*** Data for the task Section Begins ***
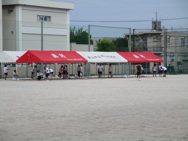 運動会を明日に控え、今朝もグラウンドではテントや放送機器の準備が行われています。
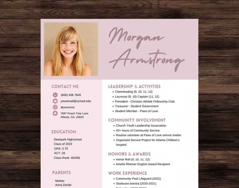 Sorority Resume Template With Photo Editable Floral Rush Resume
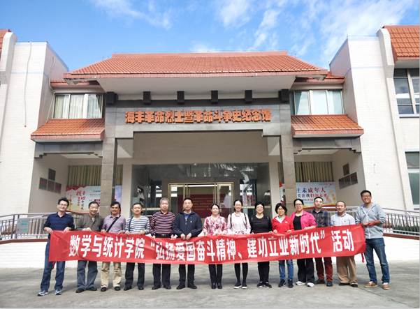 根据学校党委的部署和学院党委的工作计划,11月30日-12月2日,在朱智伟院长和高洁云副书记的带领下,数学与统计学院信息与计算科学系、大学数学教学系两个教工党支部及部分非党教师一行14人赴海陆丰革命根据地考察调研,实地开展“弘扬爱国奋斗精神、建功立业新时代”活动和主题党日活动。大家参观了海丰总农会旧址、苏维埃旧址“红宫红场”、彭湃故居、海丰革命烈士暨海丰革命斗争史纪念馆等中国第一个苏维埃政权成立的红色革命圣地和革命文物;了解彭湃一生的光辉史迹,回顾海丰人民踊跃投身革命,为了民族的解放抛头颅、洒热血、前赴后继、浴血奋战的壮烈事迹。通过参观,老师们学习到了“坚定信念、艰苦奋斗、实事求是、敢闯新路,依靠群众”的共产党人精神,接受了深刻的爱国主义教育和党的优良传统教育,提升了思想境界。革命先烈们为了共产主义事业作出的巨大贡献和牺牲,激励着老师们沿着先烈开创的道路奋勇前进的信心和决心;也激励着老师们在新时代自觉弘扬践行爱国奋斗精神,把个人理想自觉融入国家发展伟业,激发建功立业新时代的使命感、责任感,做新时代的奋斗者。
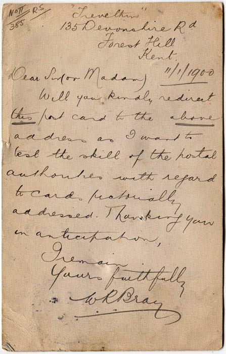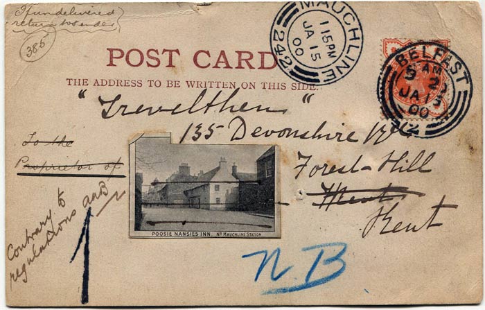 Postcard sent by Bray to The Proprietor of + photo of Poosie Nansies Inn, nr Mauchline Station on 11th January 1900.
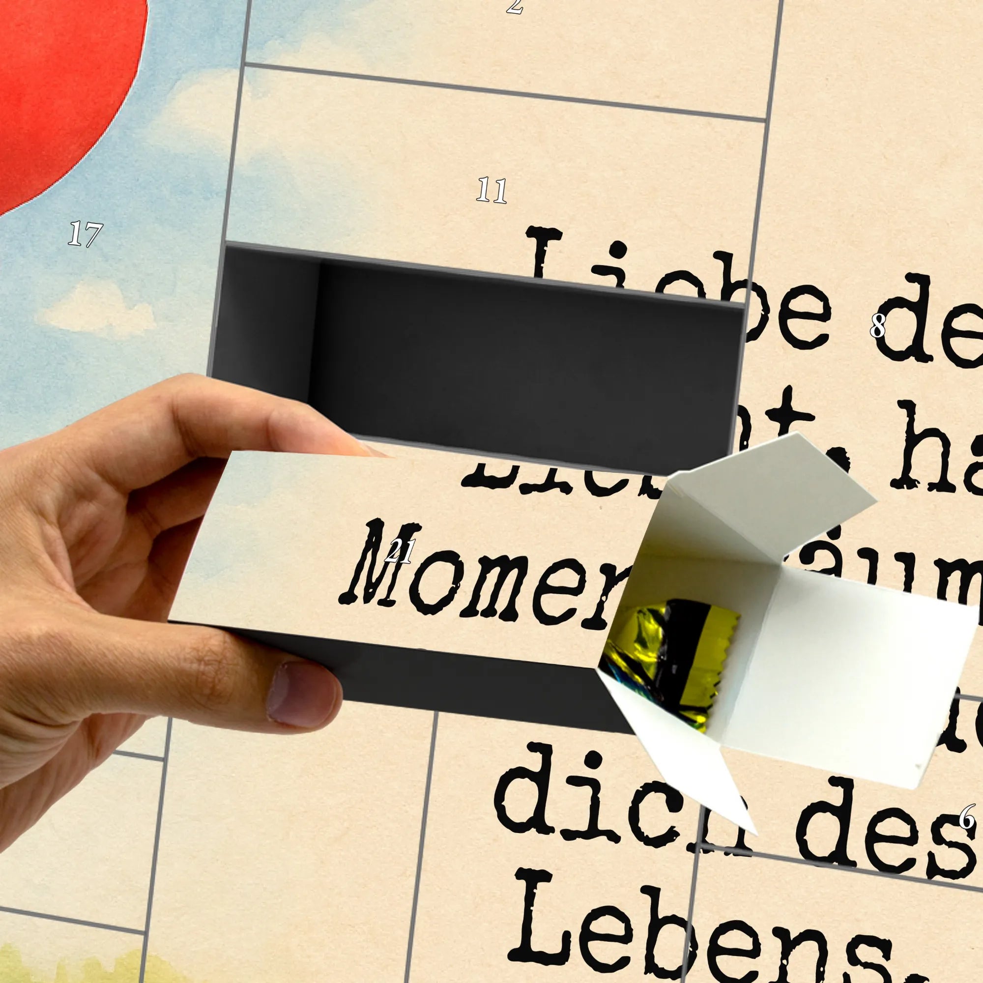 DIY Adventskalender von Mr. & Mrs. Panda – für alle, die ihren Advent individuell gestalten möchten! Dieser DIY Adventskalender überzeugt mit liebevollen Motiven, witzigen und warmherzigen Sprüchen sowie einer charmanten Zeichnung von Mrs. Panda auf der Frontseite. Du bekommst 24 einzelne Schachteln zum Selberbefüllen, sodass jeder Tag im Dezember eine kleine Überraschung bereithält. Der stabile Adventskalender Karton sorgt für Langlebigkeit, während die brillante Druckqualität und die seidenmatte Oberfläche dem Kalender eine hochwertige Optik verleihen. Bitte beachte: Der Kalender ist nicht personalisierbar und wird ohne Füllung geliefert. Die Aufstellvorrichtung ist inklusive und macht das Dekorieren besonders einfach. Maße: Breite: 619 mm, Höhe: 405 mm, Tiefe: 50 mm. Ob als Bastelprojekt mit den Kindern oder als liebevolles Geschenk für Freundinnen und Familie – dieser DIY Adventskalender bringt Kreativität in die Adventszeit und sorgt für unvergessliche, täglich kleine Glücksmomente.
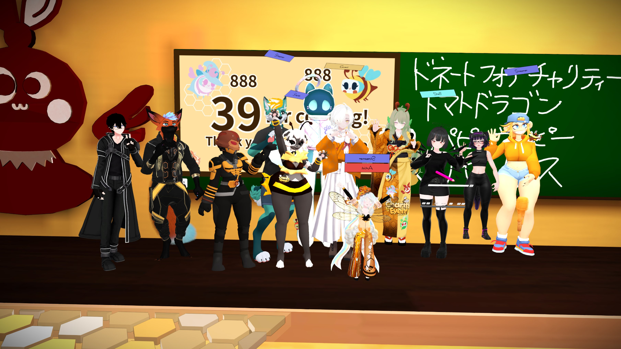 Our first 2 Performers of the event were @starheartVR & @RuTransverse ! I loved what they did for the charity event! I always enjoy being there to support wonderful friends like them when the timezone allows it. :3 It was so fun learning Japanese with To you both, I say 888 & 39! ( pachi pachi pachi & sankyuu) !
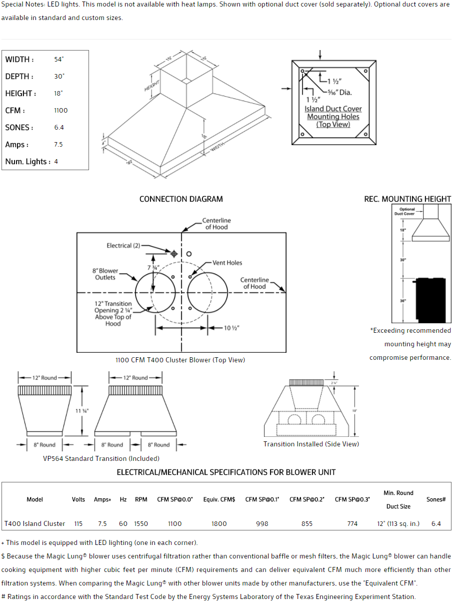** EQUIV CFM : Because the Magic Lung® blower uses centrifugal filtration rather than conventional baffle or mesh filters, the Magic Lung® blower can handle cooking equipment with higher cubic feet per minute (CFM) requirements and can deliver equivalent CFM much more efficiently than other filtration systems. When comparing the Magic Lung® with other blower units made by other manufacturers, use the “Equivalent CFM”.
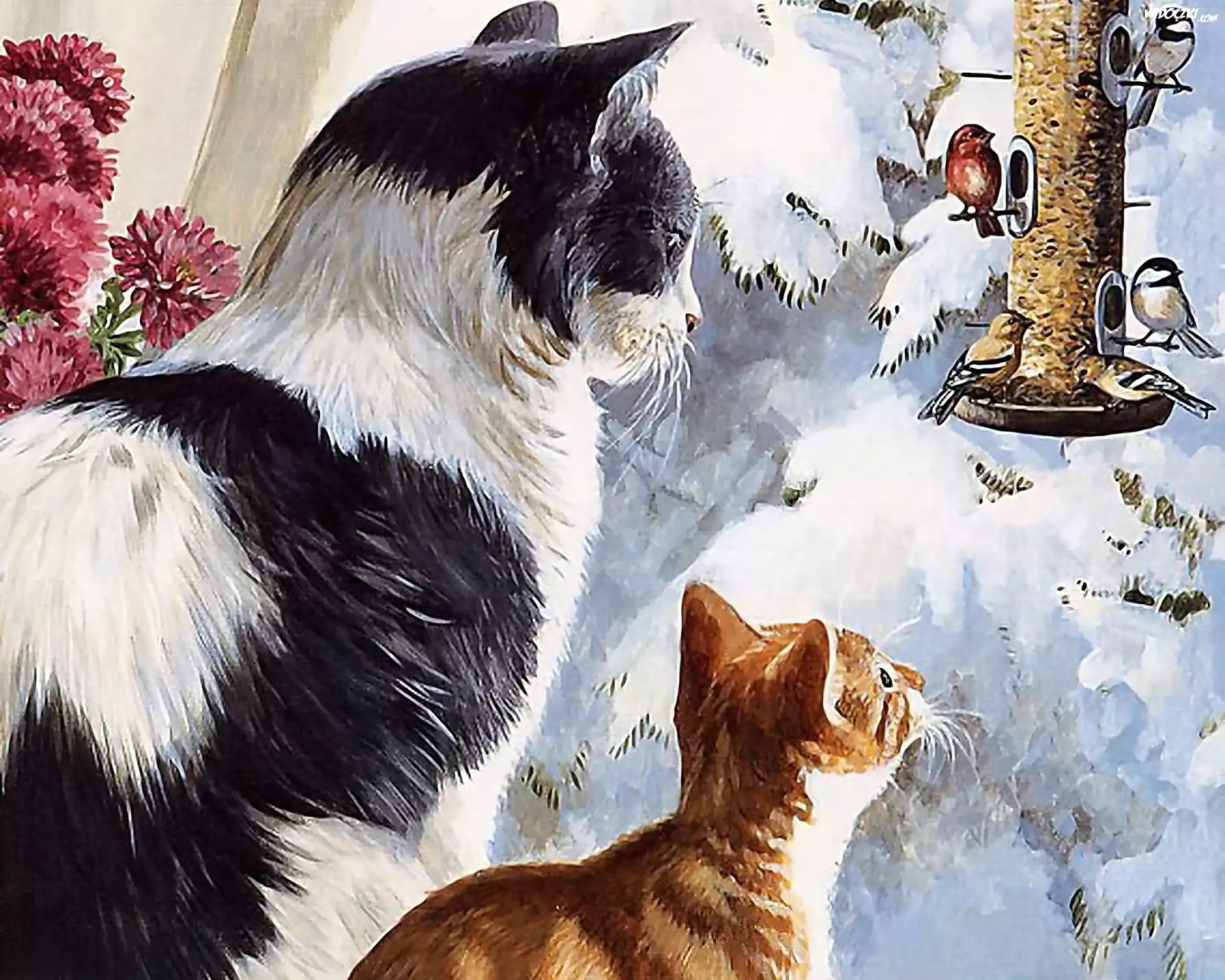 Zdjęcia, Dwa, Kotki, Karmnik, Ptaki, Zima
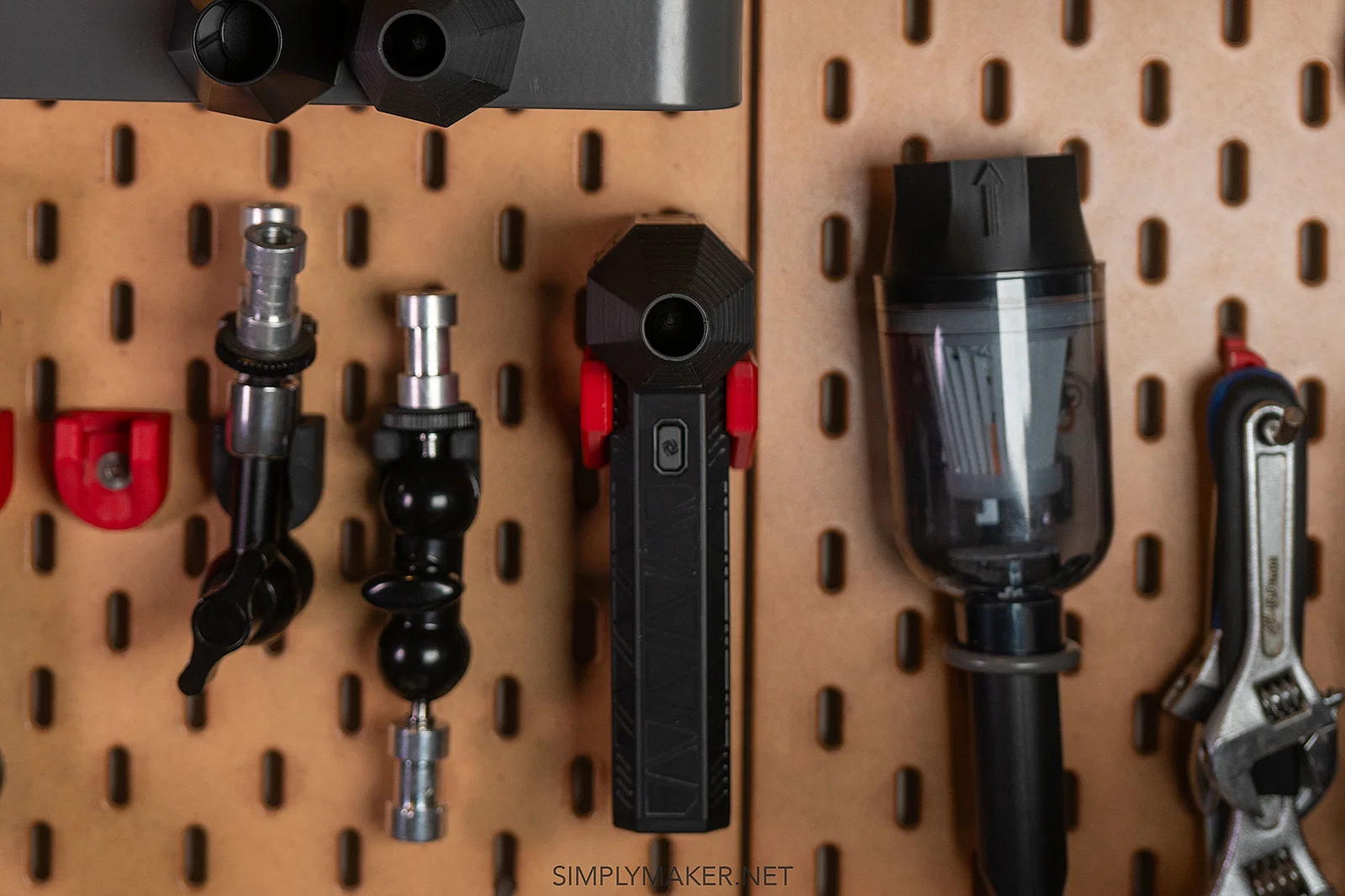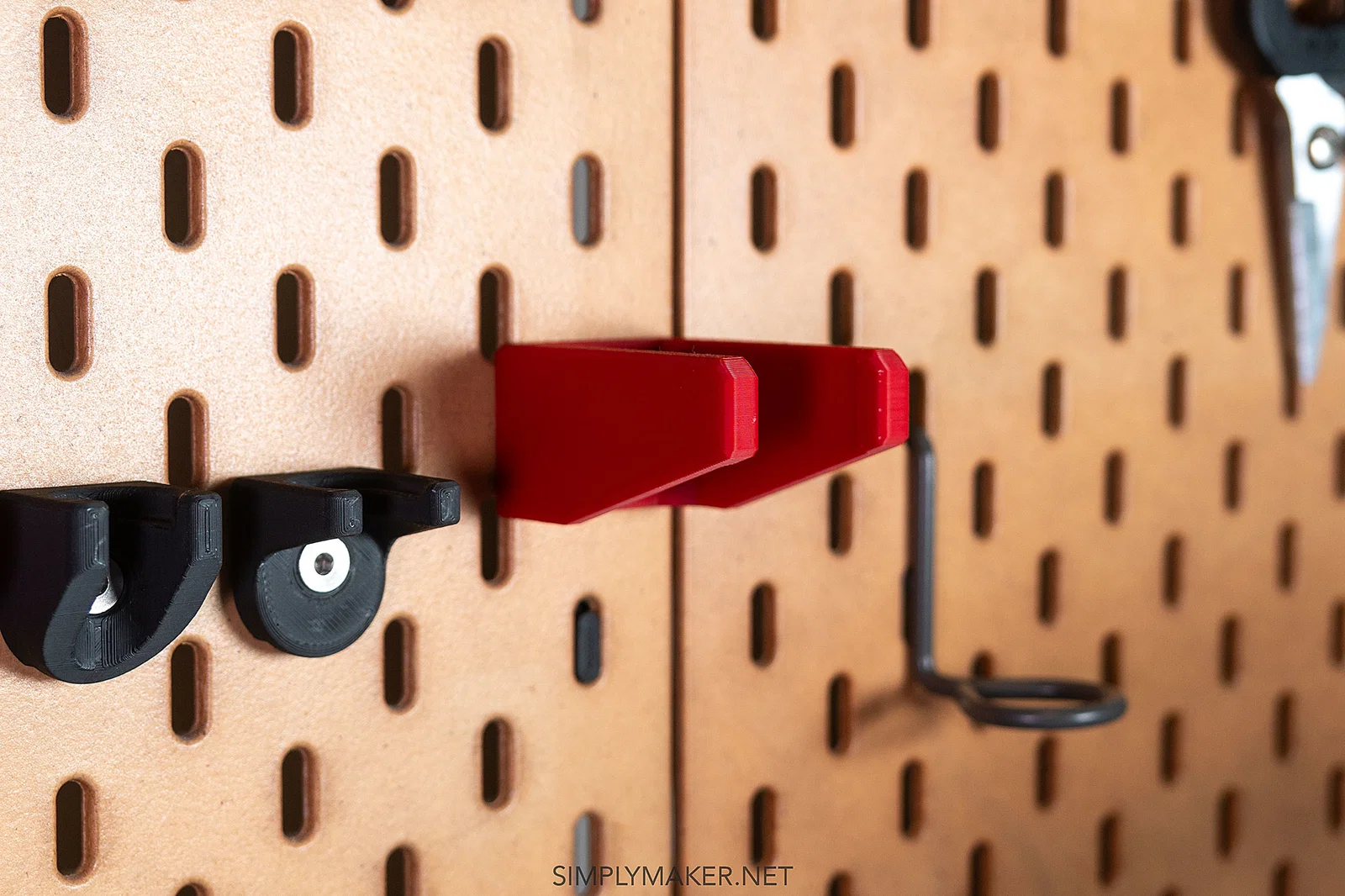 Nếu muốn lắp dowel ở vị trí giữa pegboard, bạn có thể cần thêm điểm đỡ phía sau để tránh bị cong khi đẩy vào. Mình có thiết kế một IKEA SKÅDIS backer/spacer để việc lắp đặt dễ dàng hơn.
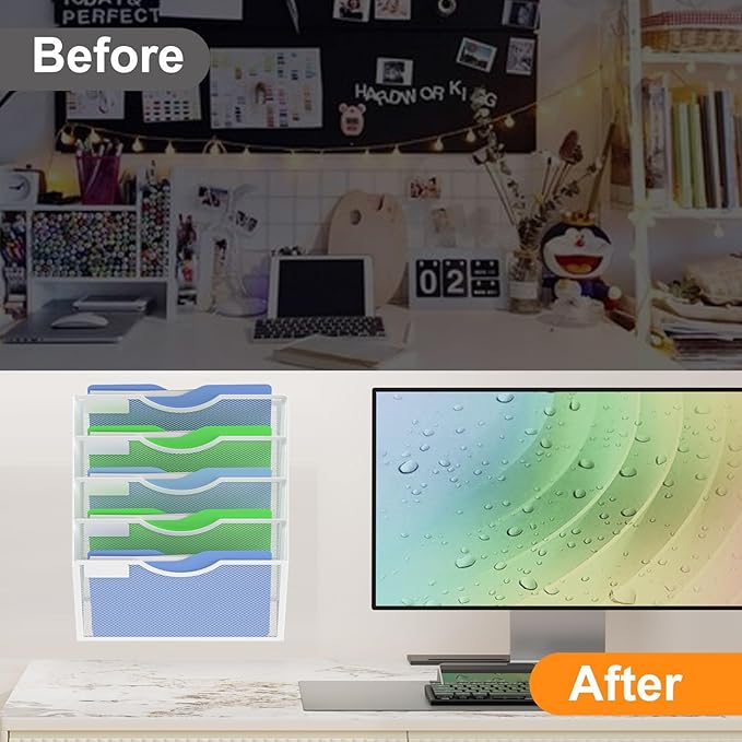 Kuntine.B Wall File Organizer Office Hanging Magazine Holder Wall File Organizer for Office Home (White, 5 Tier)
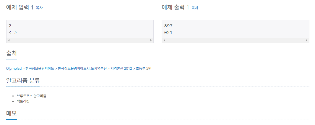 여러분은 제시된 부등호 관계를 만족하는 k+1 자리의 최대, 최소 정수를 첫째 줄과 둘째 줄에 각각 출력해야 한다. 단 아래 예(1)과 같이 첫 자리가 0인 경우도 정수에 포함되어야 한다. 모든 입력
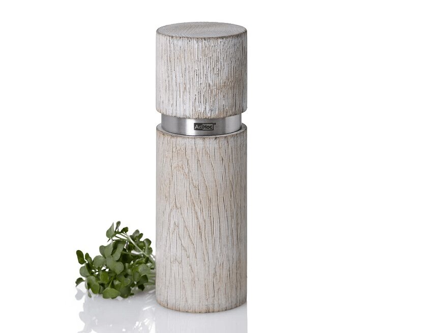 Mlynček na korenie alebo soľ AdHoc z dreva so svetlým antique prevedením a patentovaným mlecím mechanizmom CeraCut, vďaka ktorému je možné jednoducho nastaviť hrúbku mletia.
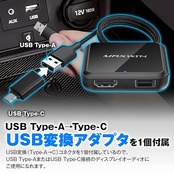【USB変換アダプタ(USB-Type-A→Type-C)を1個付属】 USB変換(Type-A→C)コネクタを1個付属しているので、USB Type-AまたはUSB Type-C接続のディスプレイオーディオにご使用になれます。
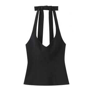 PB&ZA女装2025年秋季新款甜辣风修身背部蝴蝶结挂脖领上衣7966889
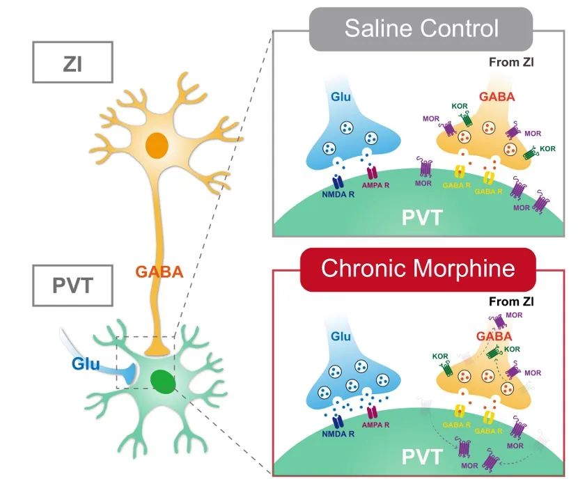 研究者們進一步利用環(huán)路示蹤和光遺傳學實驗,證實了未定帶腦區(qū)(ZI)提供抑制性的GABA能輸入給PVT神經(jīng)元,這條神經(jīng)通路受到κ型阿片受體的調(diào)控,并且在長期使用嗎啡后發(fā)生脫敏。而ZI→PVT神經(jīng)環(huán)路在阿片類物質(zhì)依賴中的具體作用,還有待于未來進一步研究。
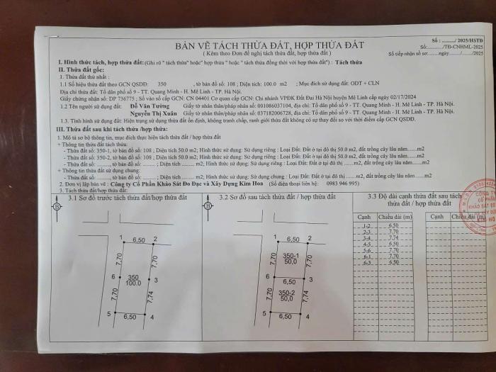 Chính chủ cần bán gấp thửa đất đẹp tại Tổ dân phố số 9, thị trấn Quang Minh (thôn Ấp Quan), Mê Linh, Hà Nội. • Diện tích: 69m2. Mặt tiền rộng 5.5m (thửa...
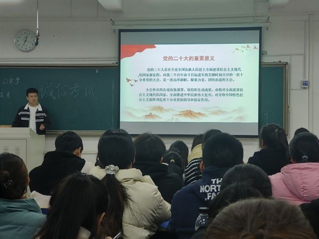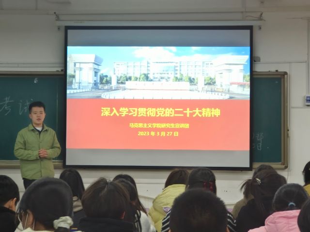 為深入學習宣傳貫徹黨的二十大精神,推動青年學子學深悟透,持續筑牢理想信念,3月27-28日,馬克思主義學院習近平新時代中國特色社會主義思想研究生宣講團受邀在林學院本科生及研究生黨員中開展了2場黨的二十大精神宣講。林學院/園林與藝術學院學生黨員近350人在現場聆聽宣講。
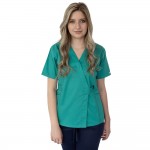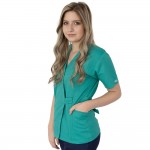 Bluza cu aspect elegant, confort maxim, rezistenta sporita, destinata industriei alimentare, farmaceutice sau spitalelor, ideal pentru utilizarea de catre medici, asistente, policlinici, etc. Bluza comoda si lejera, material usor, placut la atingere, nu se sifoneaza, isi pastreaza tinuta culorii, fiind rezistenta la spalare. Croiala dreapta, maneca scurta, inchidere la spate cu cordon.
*** Data for the task Section Ends ***
[Your objective] Take the line containing "PB&ZA女装2025年秋季新款甜辣风修身背部蝴蝶结挂脖领上衣7966889" and all lines after it to the end of the data above, and reproduce them exactly, leaving out pictures. Nothing else belongs in the copy.

[Response to the exercise]
 PB&ZA女装2025年秋季新款甜辣风修身背部蝴蝶结挂脖领上衣7966889
 研究者們進一步利用環(huán)路示蹤和光遺傳學實驗,證實了未定帶腦區(qū)(ZI)提供抑制性的GABA能輸入給PVT神經(jīng)元,這條神經(jīng)通路受到κ型阿片受體的調(diào)控,并且在長期使用嗎啡后發(fā)生脫敏。而ZI→PVT神經(jīng)環(huán)路在阿片類物質(zhì)依賴中的具體作用,還有待于未來進一步研究。
 Chính chủ cần bán gấp thửa đất đẹp tại Tổ dân phố số 9, thị trấn Quang Minh (thôn Ấp Quan), Mê Linh, Hà Nội. • Diện tích: 69m2. Mặt tiền rộng 5.5m (thửa...
 為深入學習宣傳貫徹黨的二十大精神,推動青年學子學深悟透,持續筑牢理想信念,3月27-28日,馬克思主義學院習近平新時代中國特色社會主義思想研究生宣講團受邀在林學院本科生及研究生黨員中開展了2場黨的二十大精神宣講。林學院/園林與藝術學院學生黨員近350人在現場聆聽宣講。
 Bluza cu aspect elegant, confort maxim, rezistenta sporita, destinata industriei alimentare, farmaceutice sau spitalelor, ideal pentru utilizarea de catre medici, asistente, policlinici, etc. Bluza comoda si lejera, material usor, placut la atingere, nu se sifoneaza, isi pastreaza tinuta culorii, fiind rezistenta la spalare. Croiala dreapta, maneca scurta, inchidere la spate cu cordon.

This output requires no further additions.